| A few other
TLUG members also expressed interest, and on Friday, February 3rd, we
found ourselves standing in front of the Roppongi Hills tower in...
er... Roppongi. The four of us walked through the base of the
tower complex and up to the Laurel Room. We were a little early,
but by and by The Man came - Mark Shuttleworth, a man with an
interesting story. You've probably
already heard it though, so I'll keep it brief:
The Ubuntu story
is quite an interesting one - a classic case of what Linus would call
"standing on the shoulders of giants". In brief, you have Mark
Shuttleworth, who founded Thawte Consulting in 1995 (while still
in college), a company that produced a full-security e-commerce web
server which enabled encrypted and authenticated translations via the
Internet. This was acquired in 1999 by VeriSign for hundreds of
millions of dollars. What next? But of course!

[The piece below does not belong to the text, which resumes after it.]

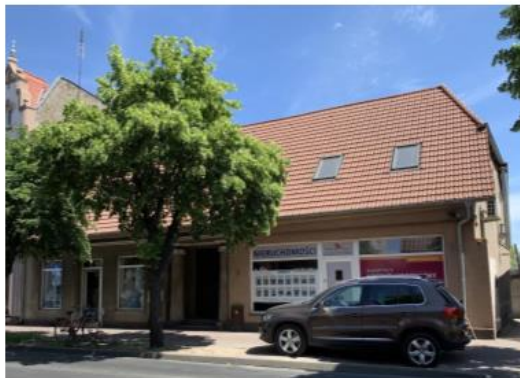
Fot. 79. Dom, ul. Wielkopoznańska 29 w Rogoźnie, nr rejestru A-874 z 7.10.1970 r.

The
space station via a Russian rocket, and then back to earth with forward
looking dreams and actions, including, but not limited to, Ubuntu
Linux, HBD Venture Capital, The Shuttleworth Foundation, etc. (look on
the Internet for further details).
Truth be told, I
was busy before the meeting and didn't look things up about
Ubuntu. Actually, I spent the time that I might have done that using Ubuntu and Kubuntu - so I
stupidly stumbled into the meeting expecting the founder to be a
Silicon Valley California man. Wrong. He's from South
Africa, although he's currently living in London, and he's far more
polished than I was expecting, but then I'm a writer and photographer
first and second, computer user third, and politician 57th, so when -
early in the meeting - Shuttleworth turned to me and asked:
"Perhaps
I could ask a question of you as somebody who watches the industry -
how would you characterize free software in Japan today?"
I wasn't
prepared for it. I had been expecting to be just an observer for
most of it and to work up to asking some questions of my own, so I
weakly replied:
"Well,
I'm not an expert actually - I mean, I use Linux on the desktop myself,
and I'm very interested in promoting Linux and that sort of thing, but
I'm actually not specifically focused on technology. I've been
doing a lot of more general kind of issues about Japan... and about
travel to the Boso Peninsula and that sort of thing. So I'm
actually not an expert at all, but I'm a user of Linux and I want to do
anything I can to promote it, , so I'm sort of a crusading anti-Microsoft
person - I really hate Microsoft."
Oops... wrong
thing to say! After that was translated into Japanese for those
in the room not up to speed in English, I continued:
"And...
and also...."
But alas! Too late! Shuttleworth responded:
"There
is a danger in the fact that many of the people who are passionate
about Linux, are really passionate about their opposition to the status
quo... because the question arises - when the status quo changes, what
will bind us together. And, ah... So I think my focus is
very much on promotion of what is good about this software."
For the record,
I don't care what the status quo is - or rather, I would be happiest if
the status quo were something worthwhile - then I would be
anti-nothing! In any case, from there the conversation headed off
into other directions, including discussions of how much awareness
there is of free software in Japan, technical details about Ubuntu
5.10, etc. I realized once past my fumbling of Shuttleworth's
question (If I had known that I was going to be asked something like
that, I could have put together something more intelligible to say...),
that the wavelength of Shuttleworth and the man most into programming
were remarkably similar....
In any case, let's have a look at some highlights from the meeting.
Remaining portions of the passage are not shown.